0
votes

I'm wondering whether anyone has any insight on converting an array of character codes to Unicode characters, and searching them with a regex.

If you have

var a = [0,1,2,3]

you can use a loop to convert them into a string of the first four control characters in unicode.

However, if you then want to create a regex

"(X)+"

where X == the character code 3 converted to its Unicode equivalent, the searches never seem to work. If I check for the length of the string, it's correct, and .* returns all the characters in the string. But I'm having difficulties constructing a regex to search the string, when all I have to begin with is the character codes. Any advise?

Edit:

var a = [0,1,2,3,0x111]; str = "";

for(var i = 0; i < a.length; i++) {
    str += String.fromCharCode(a[i]);
}

var r = [0x111]
var reg = ""

reg += "(";
for(var i = 0; i < r.length; i++) {
var hex = r[i].toString(16);
    reg += "\\x" + hex;
}
reg += ")";

var res = str.match(RegExp(reg))[0];

Edit

//Working code:
var a = [0,1,2,3,0x111];
str = "";

for(var i = 0; i < a.length; i++) {
    str += String.fromCharCode(a[i]);
}

var r = [3,0x111]
var reg = ""

reg += "(";
for(var i = 0; i < r.length; i++) {
    var hex = r[i].toString(16);
    reg += ((hex.length > 2) ? "\\u" : "\\x") + ("0000" + hex).slice((hex.length > 2) ? -4 : -2);
}
reg += ")";

var res = str.match(RegExp(reg))[0];
1
Can you post just a few line code example of exactly what you are trying to do -- a minimal example that we can look at, rather than guess at? In its current form, it is very difficult to answer this question.Jeremy J Starcher
I hope the above edit is sufficient to get the basic idea across, though in the actual application it will be significantly more sophisticated.AaronF

1 Answers

2
votes

With changes to a few details, the example can be made to work.
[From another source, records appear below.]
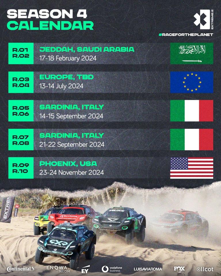 Le calendrier 2024 d'Extreme E, championnat électrique de course tout-terrain, a été dévoilé. La saison débutera en Arabie Saoudite les 17-18 février. Trois courses suivront en Europe, avec les détails des Rounds 3 et 4 annoncés plus tard. La série retournera en Sardaigne en septembre pour les Rounds 5 à 8, un lieu devenu incontournable depuis 2021. En Sardaigne, les voitures Extreme H, fonctionnant à l'hydrogène, seront testées avant leur lancement en 2025. La saison se terminera à Phoenix, Arizona, en novembre, marquant les débuts du championnat aux États-Unis.
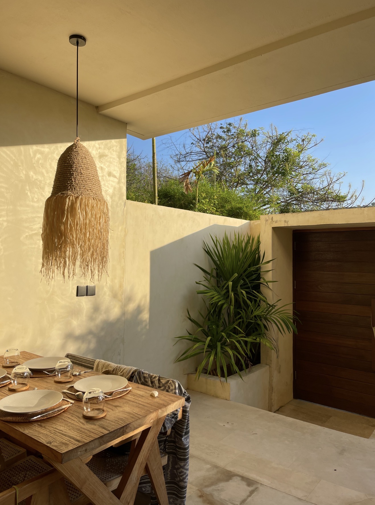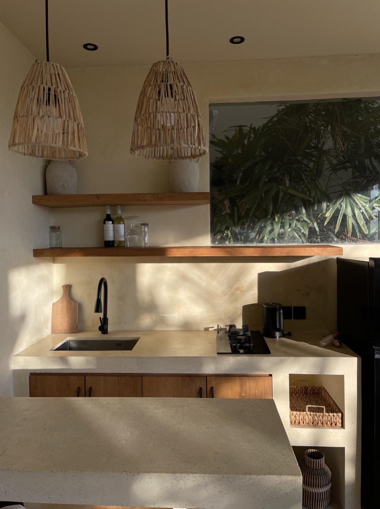 Внутри очень солнечно и стильно, все из бетона, прекрасно сочетается с зелёной растительностью. Бонусом предоставляют фрукты.
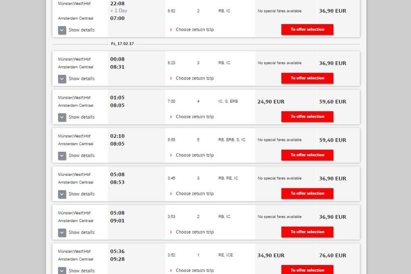 А теперь о вариантах, связанных с железной дорогой. Ходят по данному направлению разные поезда, классов RB, RE, ICE, IC и т.д. Про все эти поезда можно прочитать вот в этой занимательной статье.
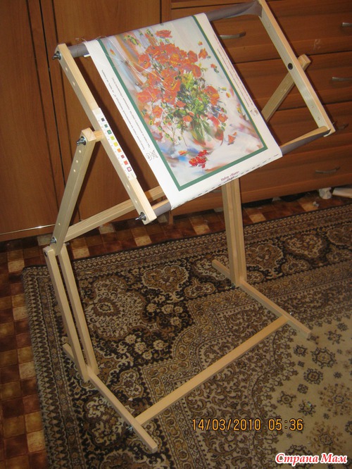 Давно я мечтала о станочке для вышивания, нашла в одноклассниках женщину, которая их продаёт и кстати очень не дорого, но всё никак не получалось, а тут сняла с пялец очередную вышивку и расстроилась, всё полотно перекосилось
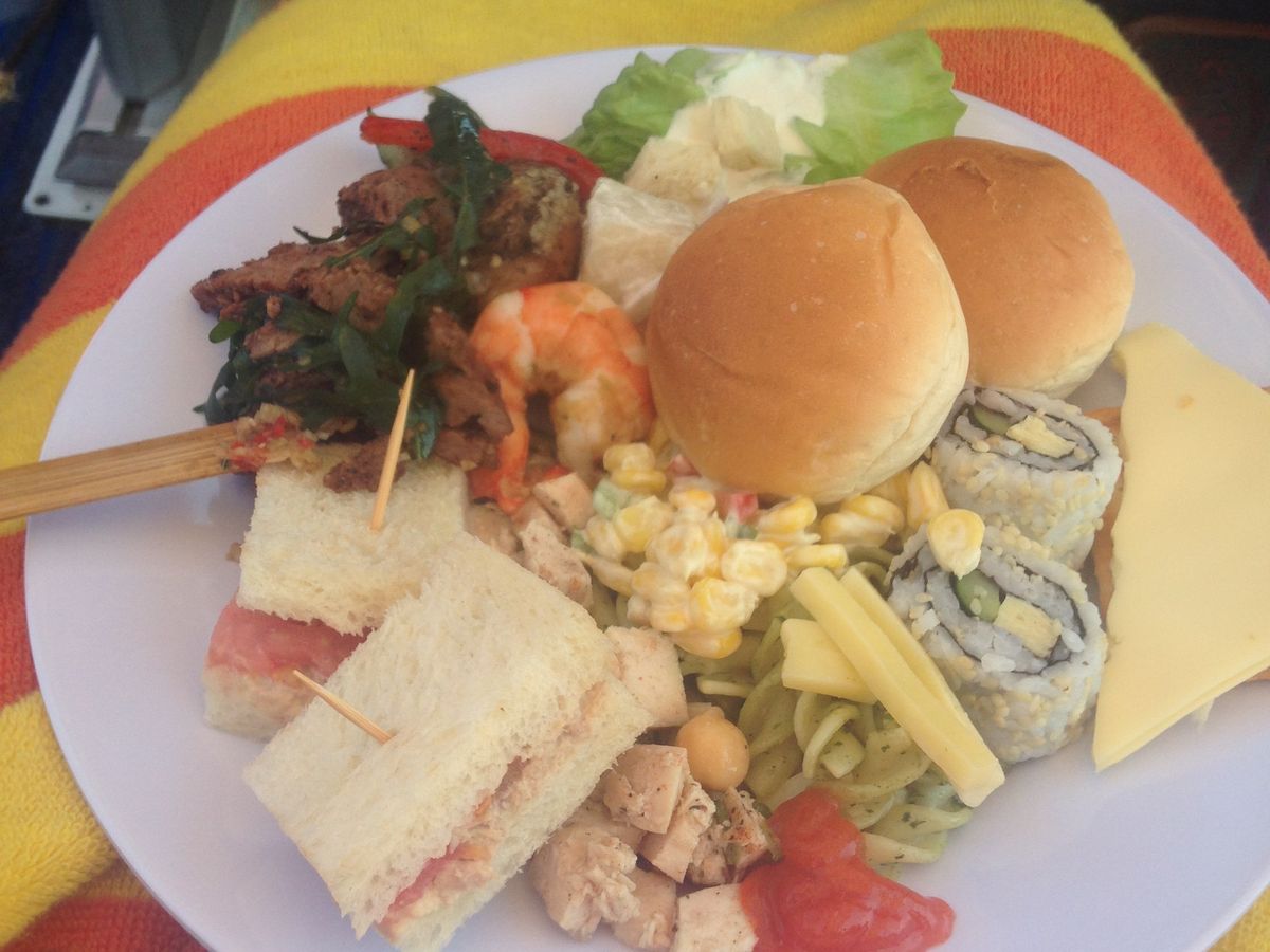 食事は船内ででるのですがクーラーのおかげで小声そうだったので浮島まで食事を運んで食べました。
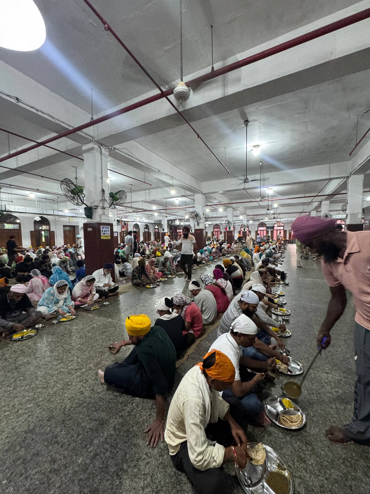 The langar here feeds up to 100,000 people daily. Volunteers do everything: cooking, serving, cleaning. Groups of 500 sit together for 15 minutes before making way for the next. No one goes hungry. Even leftovers are given a new purpose — bread is crumbled for birds, and scraps become compost. This gives you an idea how many Sikhs have such a kind and genuine nature.
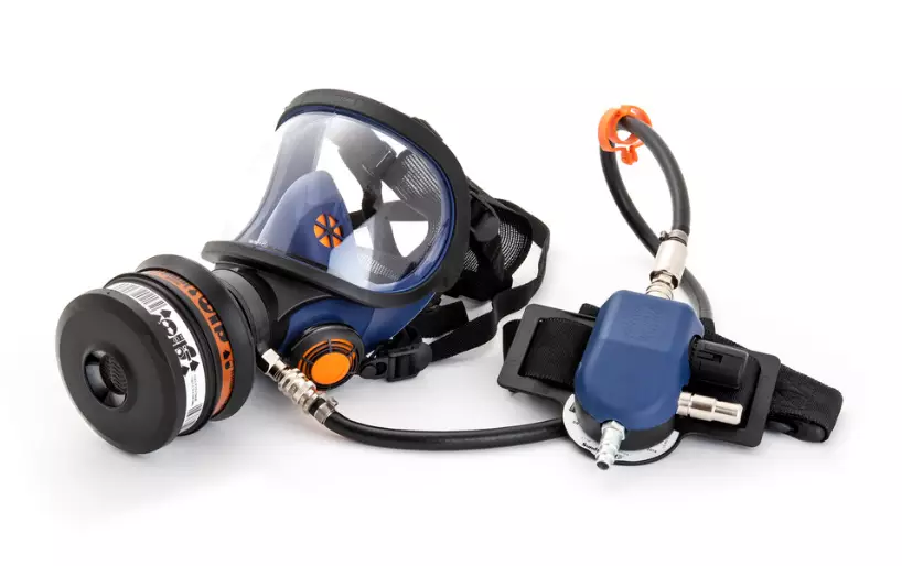 Mukana tulee kokonaamari, paineilmalaite, vyö, säätöventtiili, virtausmittari ja varoituspilli ilmavirtauksen väliaikaiseen ja jatkuvaan seurantaan.
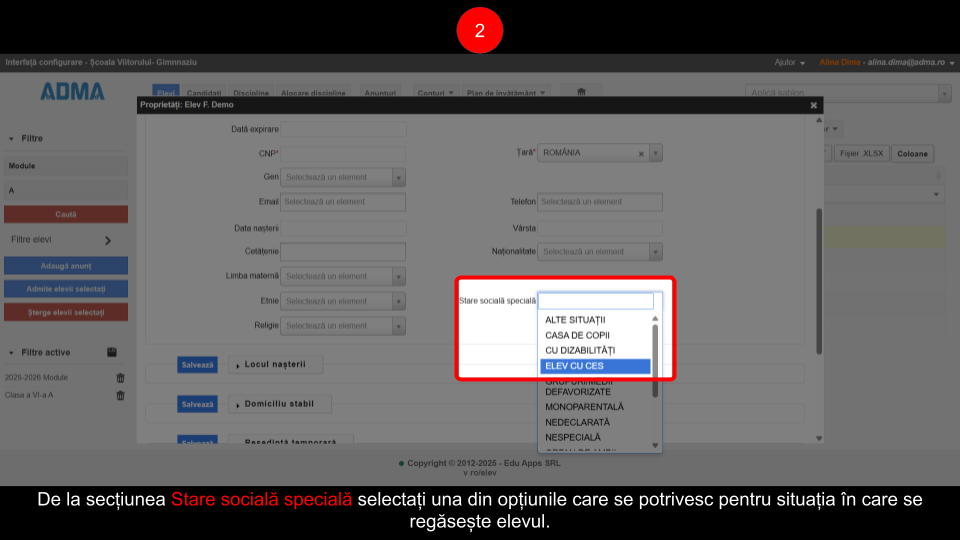 | ☀ SCOP | Setarea unei stări sociale speciale pentru anumiți elevi, astfel încât aceștia să poată fi identificați mai ușor în catalog.
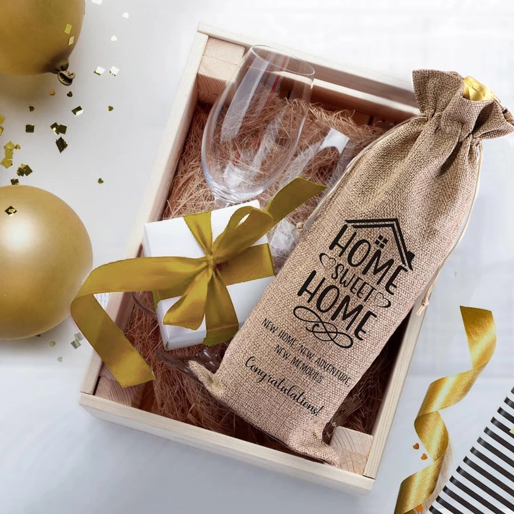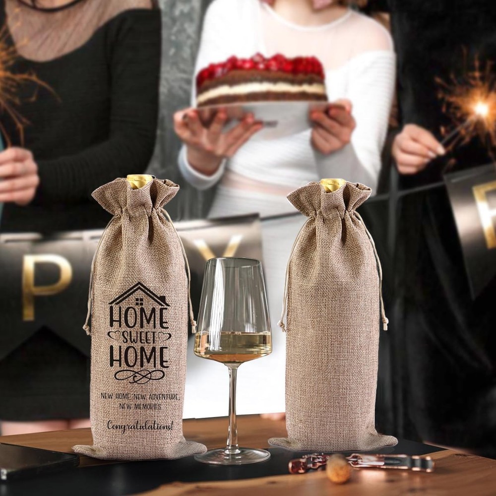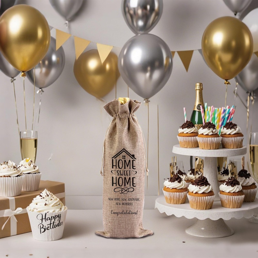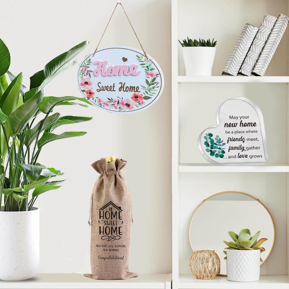 Make a new house feel like home with this thoughtfully curated 4-piece housewarming gift set. Perfect for celebrating friends or family moving into their new space, this collection includes a charming wooden 'Sweet Home' decorative sign that adds warmth to any room. The set also features a heartfelt keepsake memento to mark this special milestone, a stylish wine bag for that perfect bottle, and a practical yet decorative keychain - ideal for those new house keys! Each piece has been selected to combine both functionality and sentiment, making this the perfect way to welcome loved ones to their new address. This comprehensive gift set takes the guesswork out of housewarming present shopping, offering multiple ways to show you care about their new beginning. π‘ Housewarming Gifts for New Home β Thoughtful and Practical π Celebrate a loved βs new beginning with this carefully curated housewarming gift set, designed to bring joy and comfort to their new space. This thoughtful collection includes a charming wood door decor, a heartwarming keepsake, a stylish keychain, and a reusable wine bag β perfect for welcoming the new homeowner to a place full of fresh starts and new memories. π‘ Charming Home Door Decoration β Warm Welcome π Add a personal touch to any home with this beautifully designed door sign. The style makes it perfect for both indoor and outdoor spaces. Featuring reserved holes and a rope, itβs easy to hang on walls, doors, or handles. Ideal for seasonal decorations, it can be displayed year-round and for various holidays such as Christmas, Halloween, and Thanksgiving, making it a versatile gift for any occasion. π‘ Sweet Home Keepsake β A Heartfelt Gesture π Commemorate the excitement of moving into a new home with this lovely heart-shaped keepsake. With the words βNew Home Sweet Homeβ printed on it, this ornament serves as a beautiful reminder of new beginnings. Sized at 3.93 x 3.93 x 0.39 inches, it can be displayed on countertops, shelves, or even used as a decorative paperweight in the office, making it a meaningful and lasting gift for any new homeowner. π‘ Keychain Gift for Family & Friends β Perfect for Housewarmings π This stainless steel keychain is the perfect addition to any housewarming gift. Engraved with a heartfelt message, itβs a charming token for newlyweds, new homeowners, or anyone celebrating their move. Compact at 30 x 30mm, itβs a durable keepsake that will remind them of their fresh start in their new home π‘ New Home Wine Bag Gift β Celebrate in Style π Bring sophistication and eco-consciousness together with this reusable wine bag. Crafted from sustainable materials, itβs designed to hold wine or champagne bottles with an elegant top drawstring closure. Measuring 13.8 x 5.9 inches, itβs perfect for gifting wine at a housewarming party or simply celebrating a new chapter in life while reducing waste.

Assuming that you are interested in printable Unicode characters in general, and not specifically the first four control characters, the test vector a for the string "hello" would be:

var a = [104, 101, 108, 108, 111]; // hello

If you want to match both 'l' characters:

var r = [108, 108]

When you construct your regular expression, the character code must be in hexadecimal:

reg += "\\x" + ("0" + r[i].toString(16)).slice(-2);

After that, you should see the results you expect.